Although often perceived as complex, Patent Box offers numerous benefits to those who pursue patents for their products or services, regardless of whether the breadth of the final patent claims matches what they originally intended or hoped for.

So long as a company owns or exclusively licenses such a patent granted by the UK Intellectual Property Office (UKIPO), the EPO, or certain European Economic Area countries, it can benefit from long-term tax relief that could easily offset the cost associated with the patent application process. It is even possible in some instances for such benefits to be backdated to when the application was first made.

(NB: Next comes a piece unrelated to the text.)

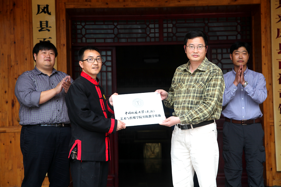 2014年5月9日上午10时许,学校教务处、Beat365正版唯一官网必一一行6人,来到恩施自治州来凤县百福司镇,举行“Beat365正版唯一官网必一Beat365正版唯一官网必一实践教学基地”授牌仪式。来凤县科技副县长、我校材料与化学学院教师沈毅代表来凤县政府在仪式上讲话,沈毅副县长对学院领导和老师的到来表示热烈欢迎;教务处吕占峰副处长代表学校在仪式上讲话,他希望学校Beat365正版唯一官网必一以此为契机,对来凤县土家族文化遗产的挖掘和发展做出更多的贡献;随后,Beat365正版唯一官网必一副院长曾健友向百福司镇副镇长授牌。仪式结束后,当地民众进行了精彩的摆手舞表演。

Technical and financial justification 

In order to make a successful claim for Patent Box relief, a business must identify specific revenue streams, assess intellectual property rights, review the R&D involved, and apply an HMRC formula. This is where things can get complicated for applicants. Patent attorneys and Patent Box specialists can prove invaluable at this stage and should be involved from early on in the process.

While it may seem to some that Patent Box adds an extra layer of complexity to an already complex process, it is a highly valuable – and underutilised – tax relief tool available to UK businesses. Backed by expert advice, it could even be the key to harnessing the value of a medical device patent, even if that patent falls short of what was originally hoped for. 

Reworked from the original article in DesignSolutions.